§ WHAT IS NEEDED
For the data below, retype word for word the lines from the one containing "4. হলোগ্রাফিক অ্যান্টি-জাল" through the one containing "Tre giovani contradaiole"; drop the pictures.

*** Opening of RECORD SET ***

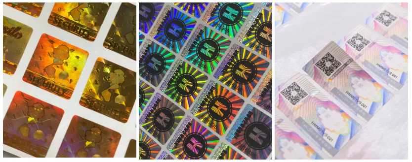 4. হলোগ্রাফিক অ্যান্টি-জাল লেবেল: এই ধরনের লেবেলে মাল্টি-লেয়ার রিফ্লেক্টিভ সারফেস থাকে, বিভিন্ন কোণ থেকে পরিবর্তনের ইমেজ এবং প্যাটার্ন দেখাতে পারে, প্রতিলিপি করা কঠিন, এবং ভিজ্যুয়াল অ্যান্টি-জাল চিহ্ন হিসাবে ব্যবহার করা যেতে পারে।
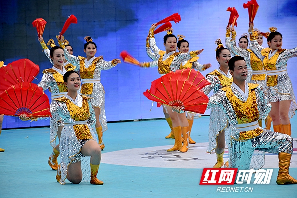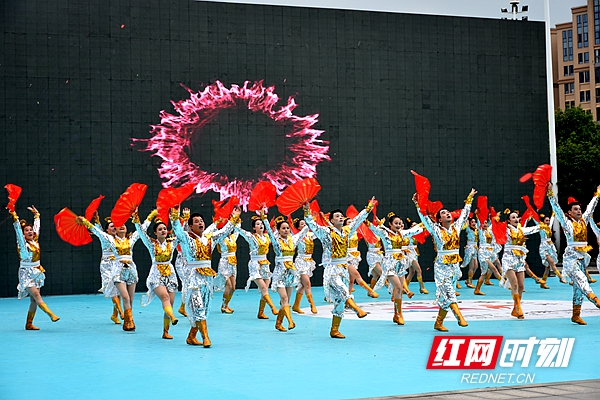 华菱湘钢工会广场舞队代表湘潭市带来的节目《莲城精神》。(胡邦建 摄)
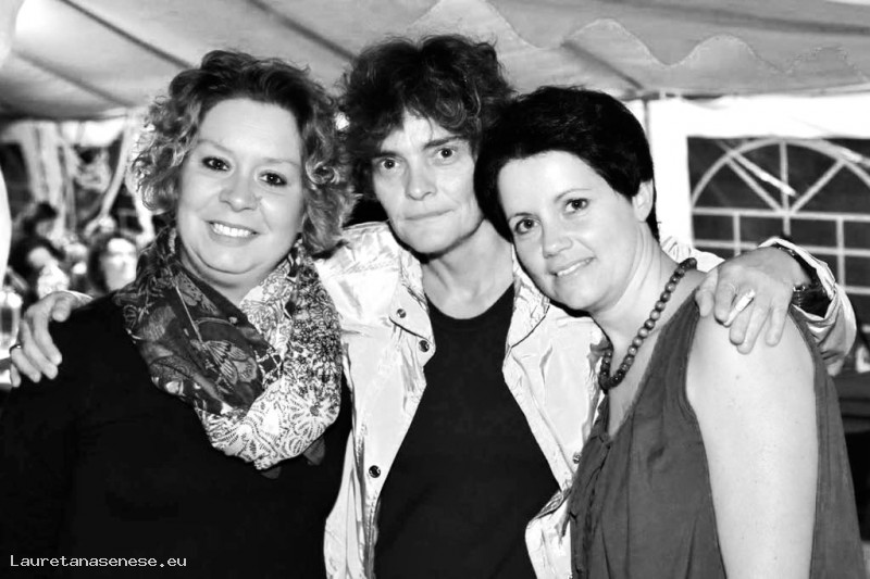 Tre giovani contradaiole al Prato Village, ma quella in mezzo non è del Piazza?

*** Close of RECORD SET ***
*** Opening of RECORD SET ***

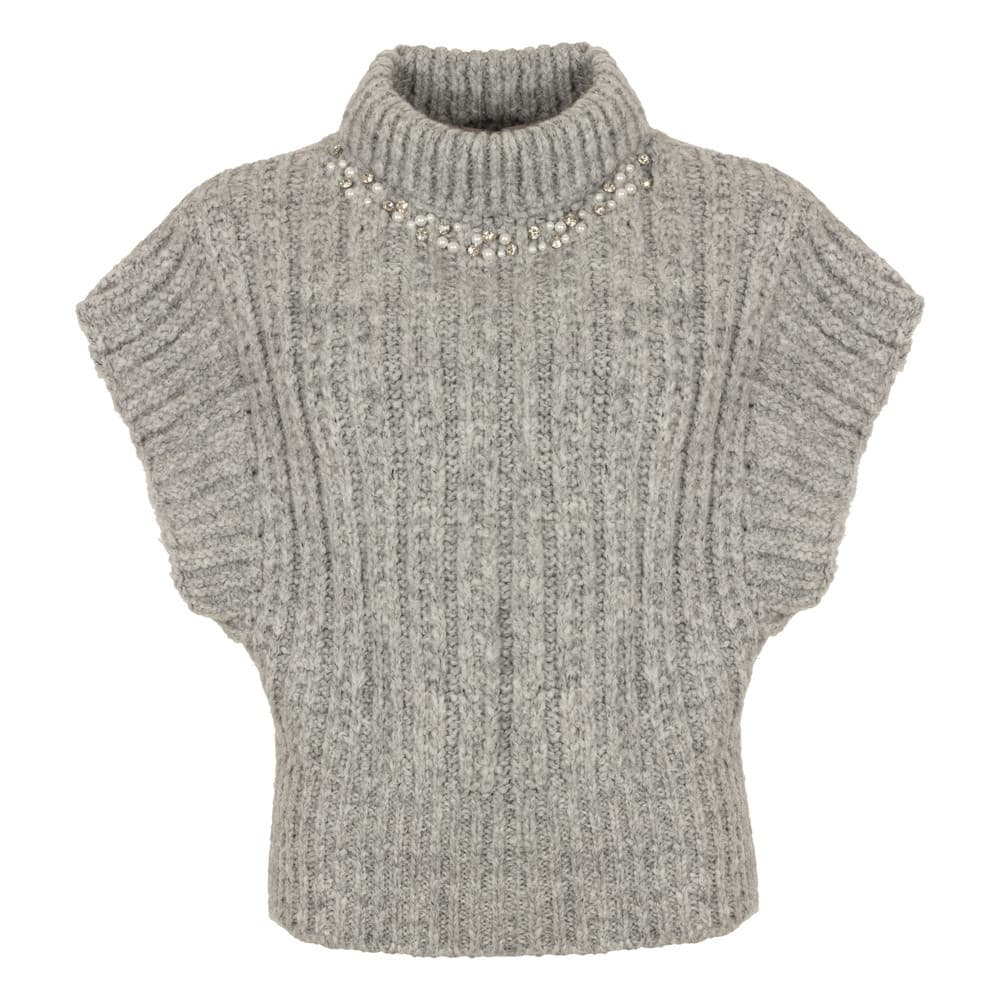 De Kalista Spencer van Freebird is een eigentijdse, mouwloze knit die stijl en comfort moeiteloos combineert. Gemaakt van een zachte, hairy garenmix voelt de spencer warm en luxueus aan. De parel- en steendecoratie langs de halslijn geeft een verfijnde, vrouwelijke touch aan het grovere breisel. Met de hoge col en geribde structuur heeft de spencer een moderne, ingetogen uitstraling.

*** Close of RECORD SET ***

§ ANSWER TO THE PROBLEM
 4. হলোগ্রাফিক অ্যান্টি-জাল লেবেল: এই ধরনের লেবেলে মাল্টি-লেয়ার রিফ্লেক্টিভ সারফেস থাকে, বিভিন্ন কোণ থেকে পরিবর্তনের ইমেজ এবং প্যাটার্ন দেখাতে পারে, প্রতিলিপি করা কঠিন, এবং ভিজ্যুয়াল অ্যান্টি-জাল চিহ্ন হিসাবে ব্যবহার করা যেতে পারে।
 华菱湘钢工会广场舞队代表湘潭市带来的节目《莲城精神》。(胡邦建 摄)
 Tre giovani contradaiole al Prato Village, ma quella in mezzo non è del Piazza?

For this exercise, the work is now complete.